Many teams use surrogate models only for optimization problems, but in reality, surrogate models and DOE are even better suited for joint use in uncertainty analysis, robustness assessment, and design margin studies. For complex systems, this type of analysis is often closer to real engineering needs than single-point optimization.
Why Uncertainty Analysis Needs Surrogate Models
- There are many sources of variable perturbation, and direct high-fidelity Monte Carlo simulation is too expensive
- Statistical quantities such as distributions, confidence intervals, and failure probabilities need to be evaluated
- A single simulation can only answer "how does this design perform," but cannot easily answer "how stable is this design"

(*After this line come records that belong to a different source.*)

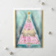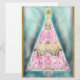 This festive artwork features an abstract Christmas tree created with watercolor-inspired brush strokes, blending soft pinks, golds, and greens into a harmonious pattern. Set against a luminous turquoise background with gold speckles, the tree is crowned with a glowing star and framed with a golden border. The elegant composition evokes a sense of joy and sophistication, perfect for celebrating the holiday season.
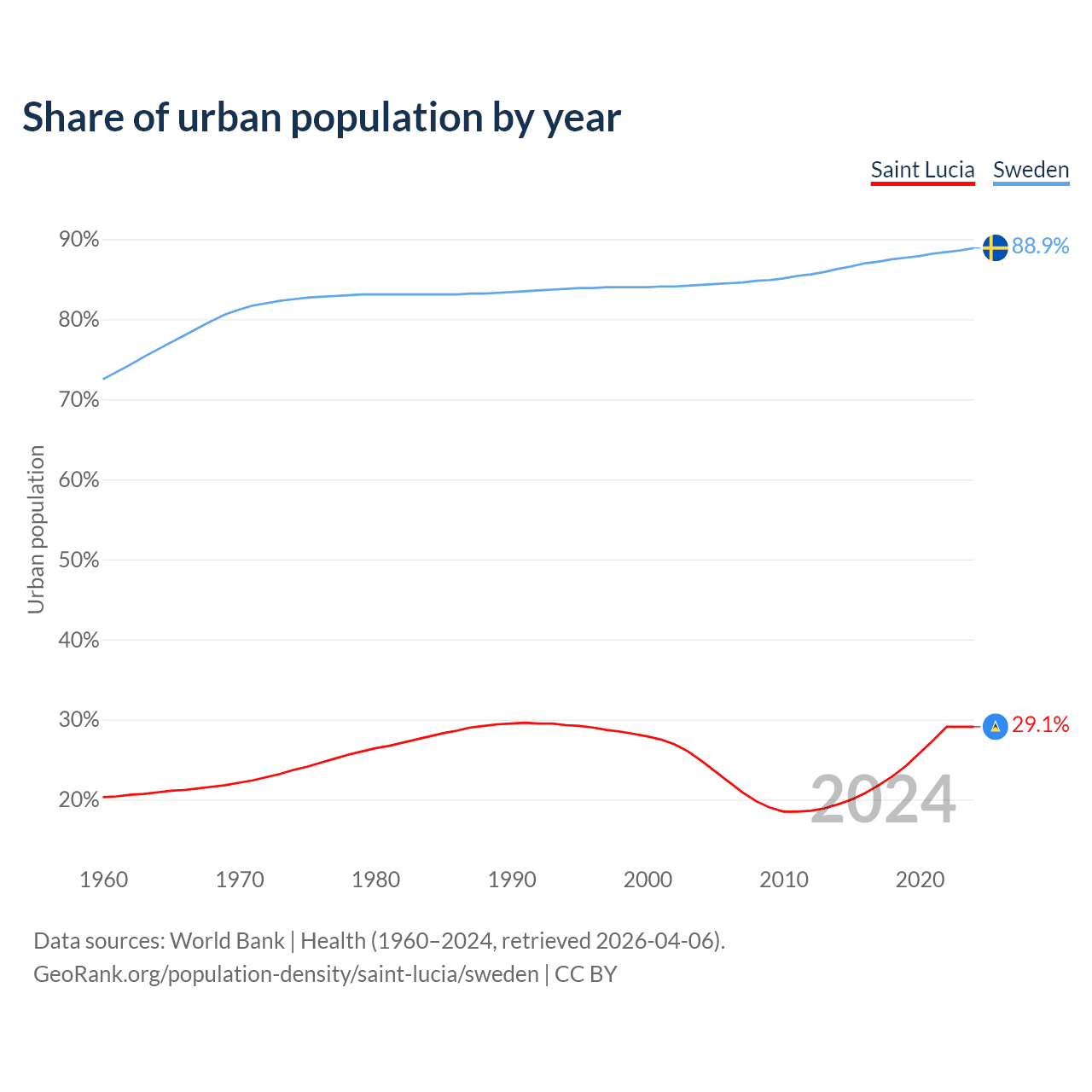 From 2004 to 2024, the share of urban population changed from 24.8% to 29.1% in Saint Lucia and from 84.3% to 88.9% in Sweden.
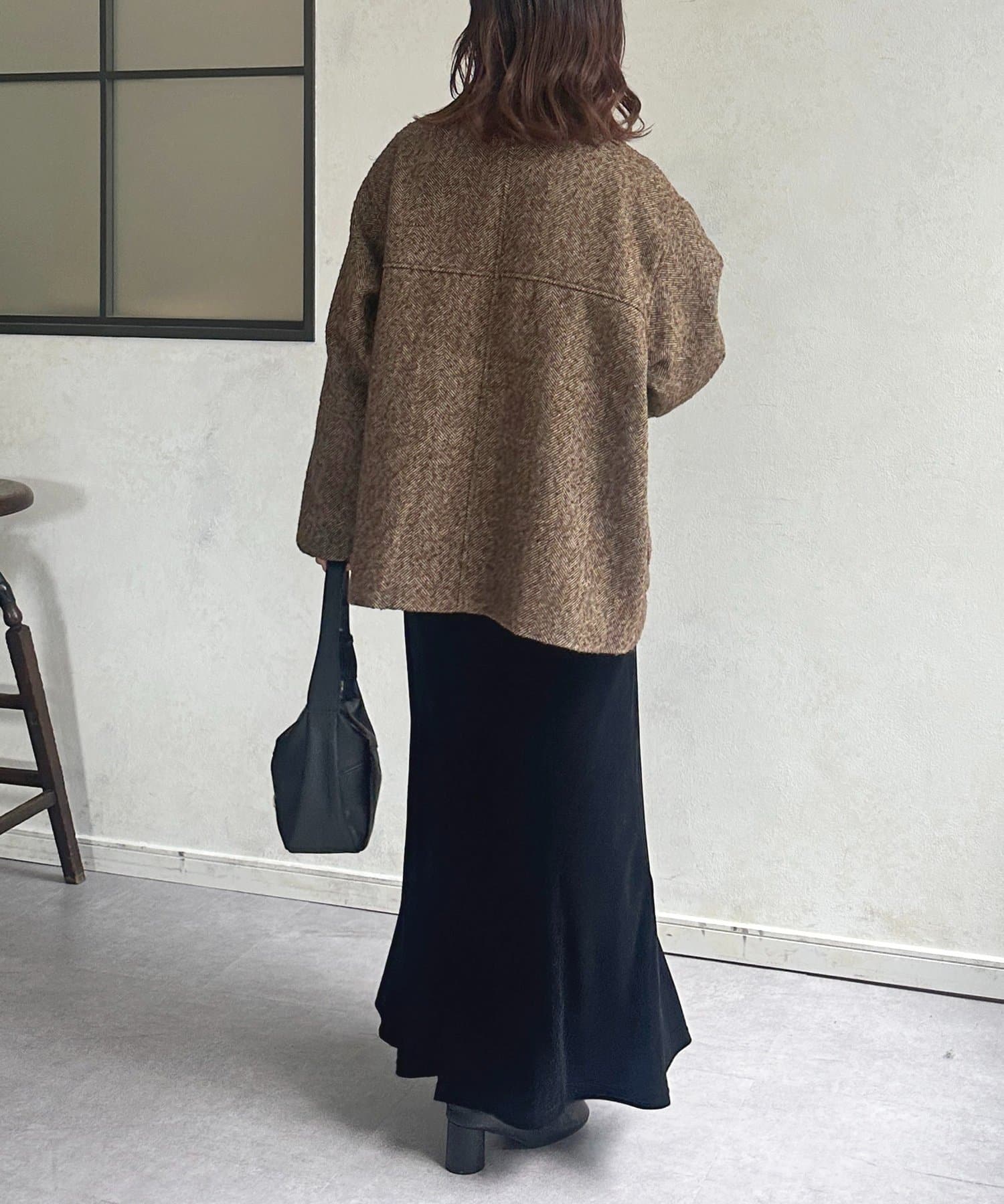 ・ロングスカートと合わせて、大人フェミニンな着こなしに。
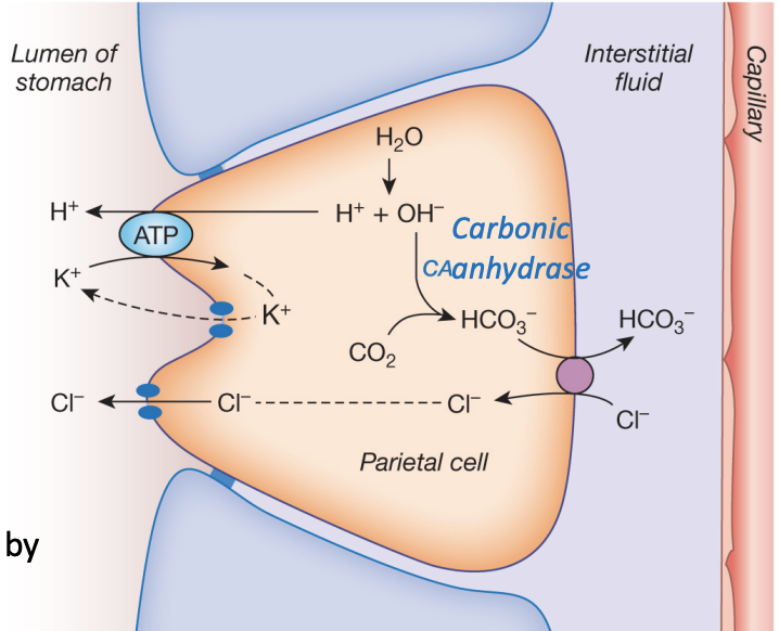 Parietal cells pump H+ (from carbonic acid breakdown) into stomach lumen via H+/K+ ATPase (proton pumps).
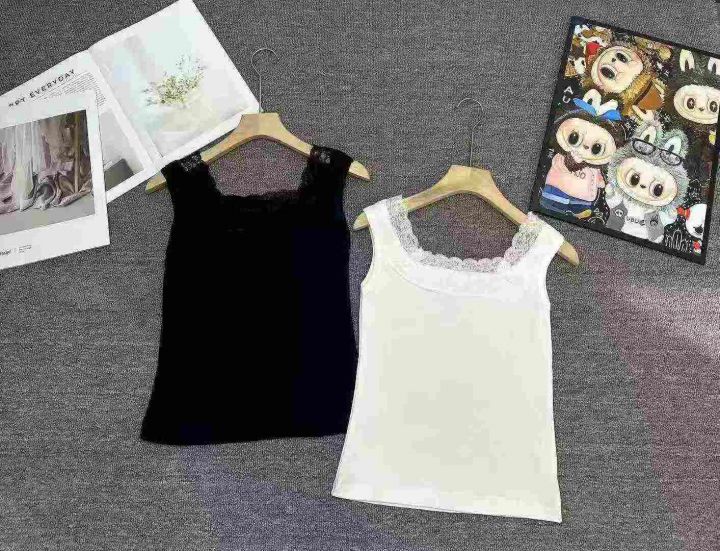 天猫在售款2130件夏款高品质螺纹纯棉纯欲风蕾丝蝴蝶结背心,高弹力可内搭外穿,单款两色,M-XL,货品干净,独立包装

Common Sources of Uncertainty
- Material property variation
- Manufacturing deviations
- Assembly tolerances
- Boundary condition changes
- Operating environment disturbances
A Common Engineering Workflow
- Identify the key random variables and their distribution ranges
- Design DOE samples and execute high-fidelity simulations
- Build a surrogate model to approximate the responses
- Perform batch sampling analysis based on the surrogate model
- Output results such as mean, variance, quantiles, and failure probability
Key Questions Worth Focusing On
Is the Design Robust
Some designs perform best under nominal conditions but are extremely sensitive to variable perturbations. Combining surrogate models with uncertainty analysis makes it easier to identify such "on-paper optimal but practically fragile" designs.
Which Variables Are Most Worth Controlling
Through sensitivity and variance contribution analysis, you can see which variables have the greatest impact on risk, thereby guiding subsequent experimentation, manufacturing, and quality control efforts.
Are Margins Sufficient
For high-reliability industries, simply knowing that a result "passes" is not enough—you also need to know whether sufficient safety margins remain under perturbed conditions.
Engineering Value
The combination of surrogate models, DOE, and uncertainty analysis elevates simulation from "verifying a single design" to "understanding a class of designs." This capability is especially critical for high-complexity product design, process window assessment, and risk control.